**Your objective**
In the entries below, find the line with "обделен медведь и" and the line with "Φέτος, η κορυφαία". Repeat exactly everything between them, those two lines included, but not the pictures.

**The data**
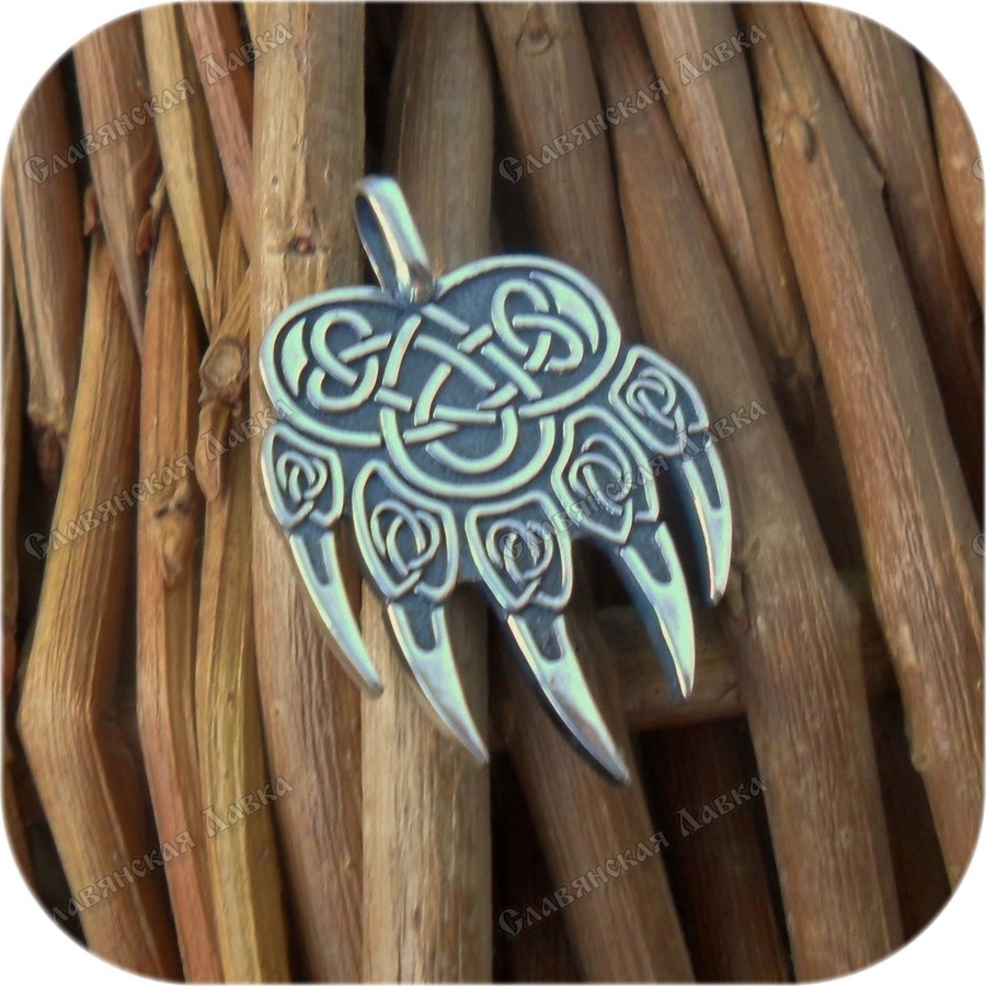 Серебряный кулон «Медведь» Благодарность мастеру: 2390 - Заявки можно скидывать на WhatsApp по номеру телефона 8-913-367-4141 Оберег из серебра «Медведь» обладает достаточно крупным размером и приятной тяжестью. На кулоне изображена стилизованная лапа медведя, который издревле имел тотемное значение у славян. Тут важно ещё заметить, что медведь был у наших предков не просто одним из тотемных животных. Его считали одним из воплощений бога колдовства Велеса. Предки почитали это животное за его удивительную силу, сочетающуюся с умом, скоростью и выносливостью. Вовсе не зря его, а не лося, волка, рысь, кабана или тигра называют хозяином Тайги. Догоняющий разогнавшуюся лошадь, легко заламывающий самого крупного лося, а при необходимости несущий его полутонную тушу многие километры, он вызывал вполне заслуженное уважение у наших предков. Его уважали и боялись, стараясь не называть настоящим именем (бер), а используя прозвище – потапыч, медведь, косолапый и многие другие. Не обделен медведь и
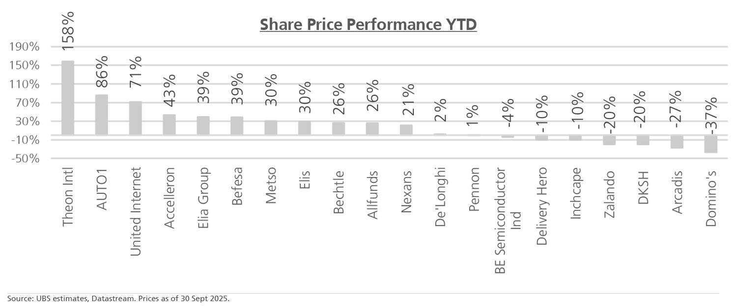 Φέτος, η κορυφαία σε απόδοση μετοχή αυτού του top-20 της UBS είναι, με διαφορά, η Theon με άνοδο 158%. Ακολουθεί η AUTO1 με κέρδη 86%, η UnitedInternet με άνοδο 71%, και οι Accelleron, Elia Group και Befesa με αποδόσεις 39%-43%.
==
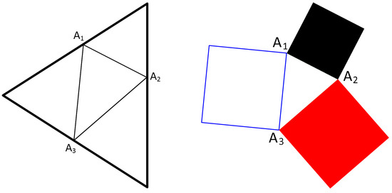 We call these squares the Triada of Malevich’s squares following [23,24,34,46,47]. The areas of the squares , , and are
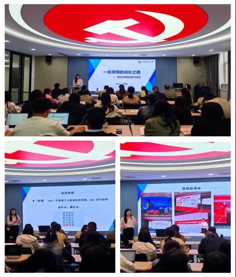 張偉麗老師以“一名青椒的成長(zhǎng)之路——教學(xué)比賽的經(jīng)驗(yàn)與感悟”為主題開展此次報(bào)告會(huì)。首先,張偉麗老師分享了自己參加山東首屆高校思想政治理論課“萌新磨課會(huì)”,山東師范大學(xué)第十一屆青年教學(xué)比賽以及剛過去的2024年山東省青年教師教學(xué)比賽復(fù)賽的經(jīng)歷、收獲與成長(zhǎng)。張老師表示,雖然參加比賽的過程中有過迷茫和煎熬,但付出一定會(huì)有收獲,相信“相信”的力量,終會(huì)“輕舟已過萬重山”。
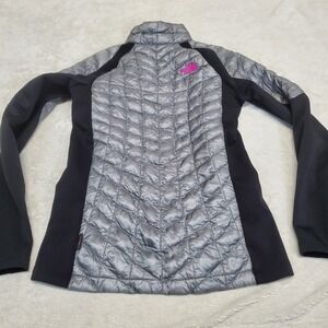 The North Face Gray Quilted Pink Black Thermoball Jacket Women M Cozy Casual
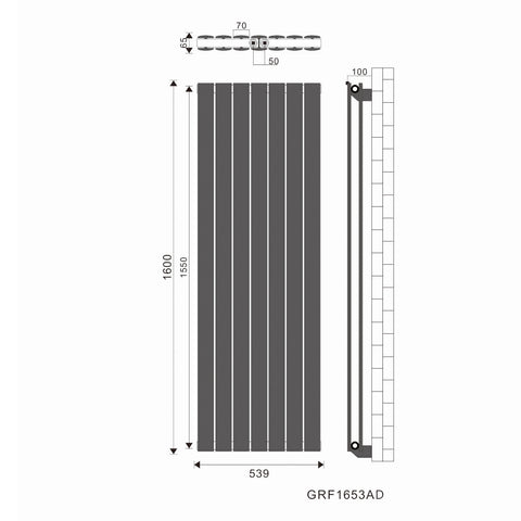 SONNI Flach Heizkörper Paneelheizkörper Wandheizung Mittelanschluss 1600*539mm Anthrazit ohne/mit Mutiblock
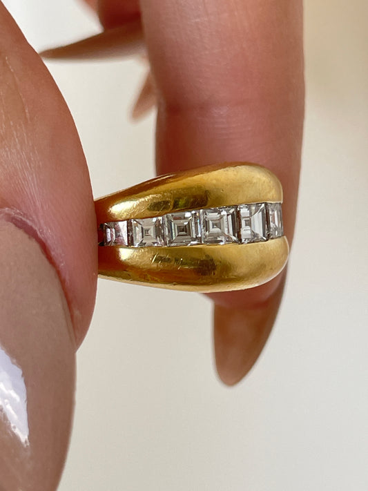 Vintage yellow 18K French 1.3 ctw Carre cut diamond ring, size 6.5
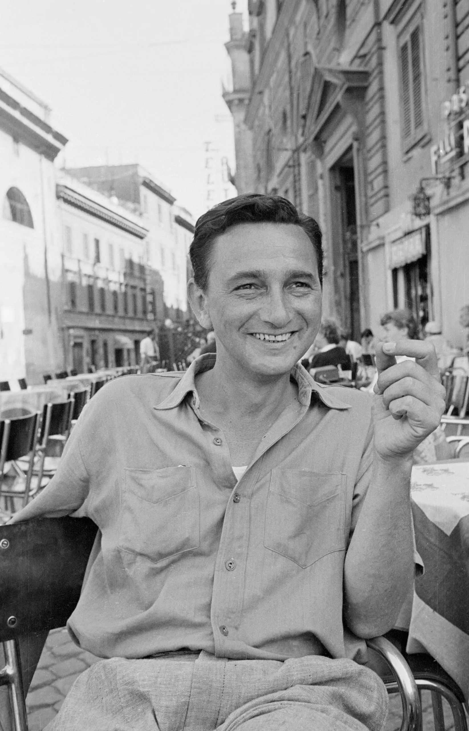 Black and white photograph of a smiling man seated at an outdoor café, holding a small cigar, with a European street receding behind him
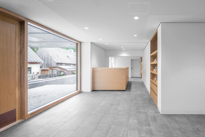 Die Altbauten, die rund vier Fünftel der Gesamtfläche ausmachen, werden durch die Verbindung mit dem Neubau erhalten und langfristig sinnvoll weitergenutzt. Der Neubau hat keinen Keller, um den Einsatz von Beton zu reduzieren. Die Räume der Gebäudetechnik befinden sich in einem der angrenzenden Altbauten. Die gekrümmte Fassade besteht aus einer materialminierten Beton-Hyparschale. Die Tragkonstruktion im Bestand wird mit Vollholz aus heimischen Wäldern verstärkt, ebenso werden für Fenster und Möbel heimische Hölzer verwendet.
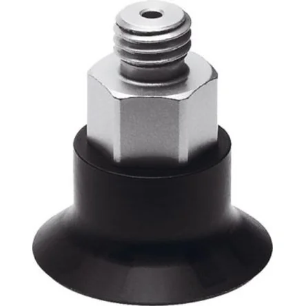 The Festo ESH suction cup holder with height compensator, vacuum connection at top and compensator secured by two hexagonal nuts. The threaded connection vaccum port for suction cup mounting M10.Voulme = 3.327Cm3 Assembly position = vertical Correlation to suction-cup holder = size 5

**Completed task**
 Серебряный кулон «Медведь» Благодарность мастеру: 2390 - Заявки можно скидывать на WhatsApp по номеру телефона 8-913-367-4141 Оберег из серебра «Медведь» обладает достаточно крупным размером и приятной тяжестью. На кулоне изображена стилизованная лапа медведя, который издревле имел тотемное значение у славян. Тут важно ещё заметить, что медведь был у наших предков не просто одним из тотемных животных. Его считали одним из воплощений бога колдовства Велеса. Предки почитали это животное за его удивительную силу, сочетающуюся с умом, скоростью и выносливостью. Вовсе не зря его, а не лося, волка, рысь, кабана или тигра называют хозяином Тайги. Догоняющий разогнавшуюся лошадь, легко заламывающий самого крупного лося, а при необходимости несущий его полутонную тушу многие километры, он вызывал вполне заслуженное уважение у наших предков. Его уважали и боялись, стараясь не называть настоящим именем (бер), а используя прозвище – потапыч, медведь, косолапый и многие другие. Не обделен медведь и
 Φέτος, η κορυφαία σε απόδοση μετοχή αυτού του top-20 της UBS είναι, με διαφορά, η Theon με άνοδο 158%. Ακολουθεί η AUTO1 με κέρδη 86%, η UnitedInternet με άνοδο 71%, και οι Accelleron, Elia Group και Befesa με αποδόσεις 39%-43%.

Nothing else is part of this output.